Atlassian Corp. on Thursday said it has agreed to buy The Browser Company, maker of the Arc and artificial intelligence (AI)-powered Dia browsers, for $610 million in cash.
The deal, expected to close later this year, comes a day after a federal judge ruled Alphabet Inc.’s Google is not required to sell its Chrome browser following a landmark antitrust case won by the Department of Justice and state attorney’s general last year.
“Today’s browsers weren’t built for work; they were built for browsing. This deal is a bold step forward in reimagining the browser for knowledge work in the AI era,” Atlassian CEO Mike Cannon-Brookes said in a statement. “Together, we’ll create an AI-powered browser optimized for the many SaaS applications living in tabs — one that knowledge workers will love to use every day.”
The Browser Company CEO Josh Miller said by teaming up with Atlassian, a leading provider of team collaboration and productivity software, “we can move faster, dream bigger, and focus on building an AI browser for work that people genuinely love to use — one that is trusted by companies but feels personal to every individual.”
Miller added the acquisition means “our largest vision, a cross-platform browser as an OS, is now closer than ever,” he said.
Atlassian executives said it was fair to conclude the deal will ultimately create an AI-powered ChromeOS competitor for enterprise customers. (Both Arc and Dia are Chromium-enabled.) Dia, for example, will be optimized for Atlassian’s SaaS apps, allowing workers to “connect the dots between apps, tabs, and tasks,” Sanchan Saxena, head of product at the company, told The Register.
Atlassian’s move could portend even more jockeying among AI vendors as the browser market goes through tumultuous change as millions of users opt for AI search instead of market leader Chrome, which still commands more than 3 billion users.
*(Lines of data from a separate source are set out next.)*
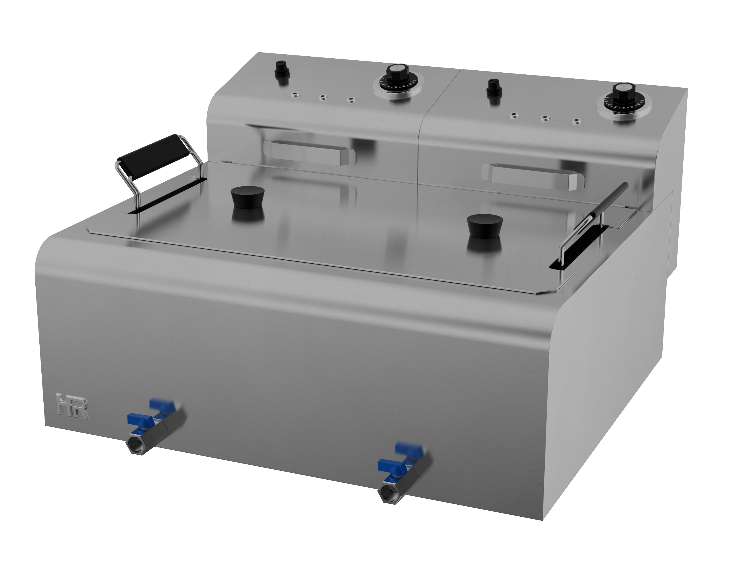 Diese Fritteuse bietet doppelte Heizleistung und eignet sich perfekt für den professionellen Dauerbetrieb.
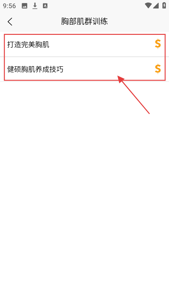 4、还可以切换至【胸部肌群训练】页,有【打造完美胸肌】【健硕胸肌养成技巧】等,可选择学习胸肌训练方法。
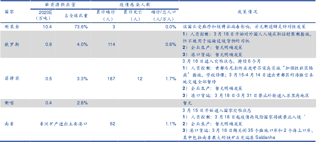 海外主要鈷資源生產(chǎn)國疫情及防控政策情況
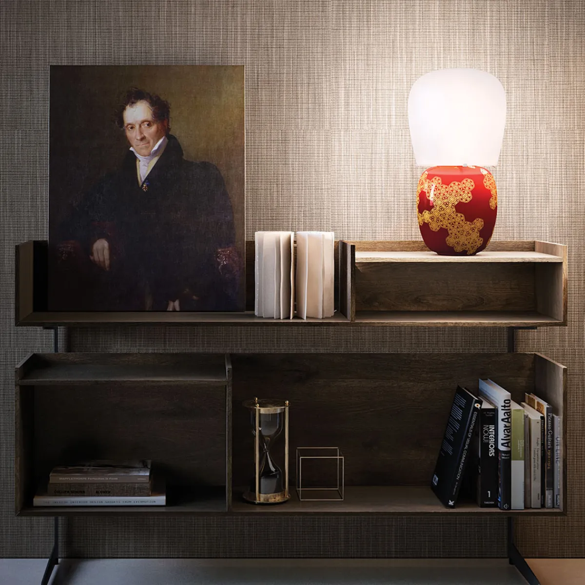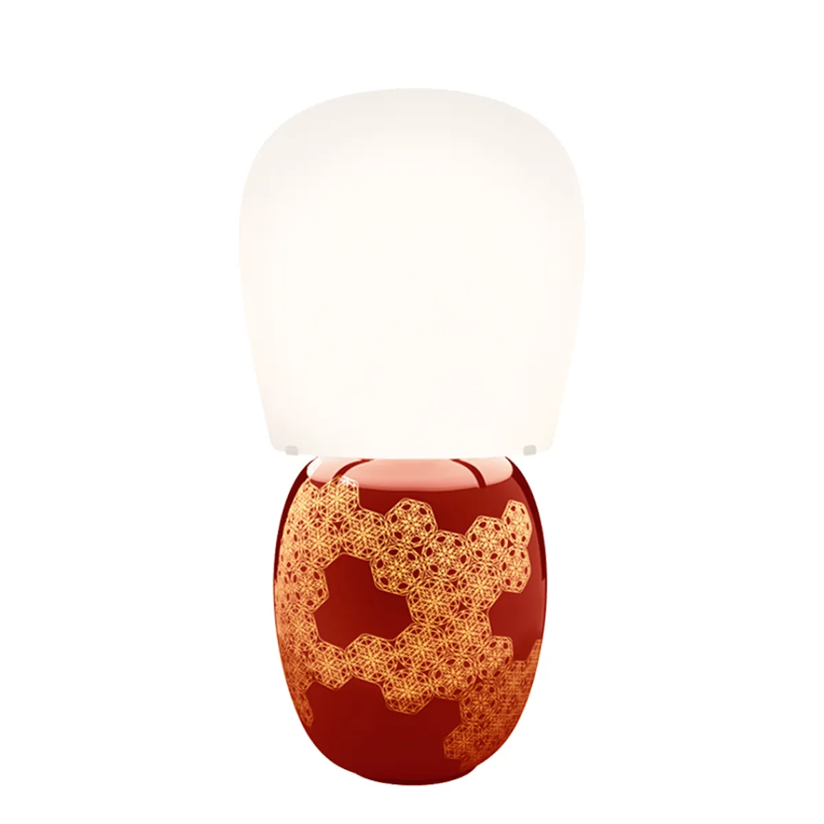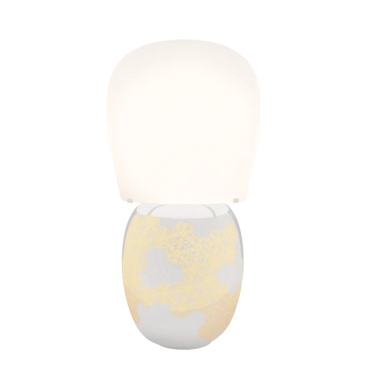- Formschöne Tischleuchte mit kunstvoll verziertem Emaille-Keramikkörper (hergestellt via „Dreistufenbrand“-Methode)

Before the federal judge’s decision to keep Chrome as part of Google, would-be suitors Perplexity AI and Search.com made unsolicited bids for Chrome while OpenAI expressed interest. Google, too, has made heavy investments into turning Gemini, its AI chatbot, into an extension — if not successor — to Chrome.
Meanwhile, Apple Inc., which has shown interest in acquiring Perplexity according to some reports, is considering using Google technology to add AI search capabilities to Siri as early as spring 2026 in its bid to take on OpenAI ChatGPT and others.